The reviewer comes in cold, on purpose
The subagent that reviews each fix is not the one that wrote it, and it doesn't carry the fixer's context. That matters more than it sounds. The agent that wrote the fix has already convinced itself the fix is right; it has a stake in its own reasoning. A fresh agent comes in with no investment in the approach, and you can point it straight at the things an author is worst at seeing: blind spots, weak assumptions, code paths the tests don't exercise, optimizations the author didn't reach for. The uncontaminated context is the whole value, and treating the reviewer as a rubber stamp wastes the most useful property it has.
What it can't do is escape the priors it shares with the fixer. Both are instances of the same model. If the model has a systematic misunderstanding, some API semantic it consistently gets wrong, a pattern it reaches for that's quietly a mistake, a fresh instance is prone to the same error and won't flag it, because it doesn't see it as an error either. Fresh context catches context-bound mistakes. It does not catch model-level ones.
So correctness in this loop rests on three things doing three different jobs. The fresh reviewer guards against the fixer's tunnel vision and the weaknesses the tests don't reach. The green suite guards against behavioral regressions. And the error neither fully catches, the model being confidently and consistently wrong in a way both instances share, is exactly what my own judgment at the test layer is for: the coverage I demand up front, and the gaps I find by driving the software each cycle. That's the layer I kept for myself. Deciding what the suite has to cover means asking what failure modes aren't represented anywhere, which is a harder discipline than reading an implementation, not an easier one.

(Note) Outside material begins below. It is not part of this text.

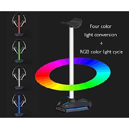 COZOO RGB ヘッドホンスタンド USB2.0延長充電ポート延長コード2個付き ヘッドセットスタンドホルダー ゲーマーデスクトップテーブルゲームイヤホン(並行輸入品)
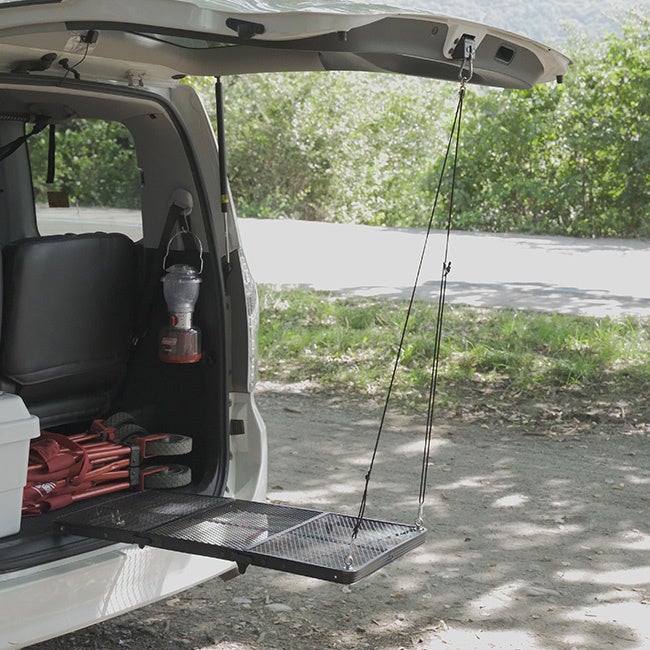 このテーブルの魅力は、その簡単な設置にもあります。脚のないデザインを活かし、ロープと固定具を使って車のラゲッジ部分に取り付け、ぬかるんだ地面やデコボコな地面でも安定して使用できます。アウトドアがより手軽で快適なものに変わるでしょう。

The human judgment didn't disappear when I stopped reading code. It concentrated into the one decision the agents can't make for me, because they'd make it with the same blind spots that produced the code. That decision got more important, not less.
One more note, since anyone who's tried it will know: the higher tiers are expensive. End-to-end and acceptance tests burn real time and tokens, far more than unit tests, so a lot of the work was deciding when each tier was worth running and writing those rules into the project config so the system applied them without me.
What I will and won't claim
I won't tell you this is production-ready, because I don't fully believe it is. It's on the edge of what's currently possible. Sometimes the loop converges cleanly, sometimes it needs a human to break a stalemate the agents talk themselves into. The honest claim is narrower than the demo would suggest: this loop reliably produces code that passes a suite I trust, and I trust the software because of that suite and the hours I spend driving it myself, not because I watched the code get written. That trust is exactly as good as the bar I set, and not one bit better.
But it is substantially more capable than the same workflow would have been even a short while ago. The interesting question for anyone building software right now isn't whether to let a model write the code. It's where the last irreplaceable human decision sits, and how much rides on getting it right. For me, on this build, it sat at the test layer and never moved: the coverage I demanded at the start, and every test I added after the software showed me something I'd missed. The agents wrote everything else. What they built was bounded not by the code I declined to read, but by the bar I kept raising.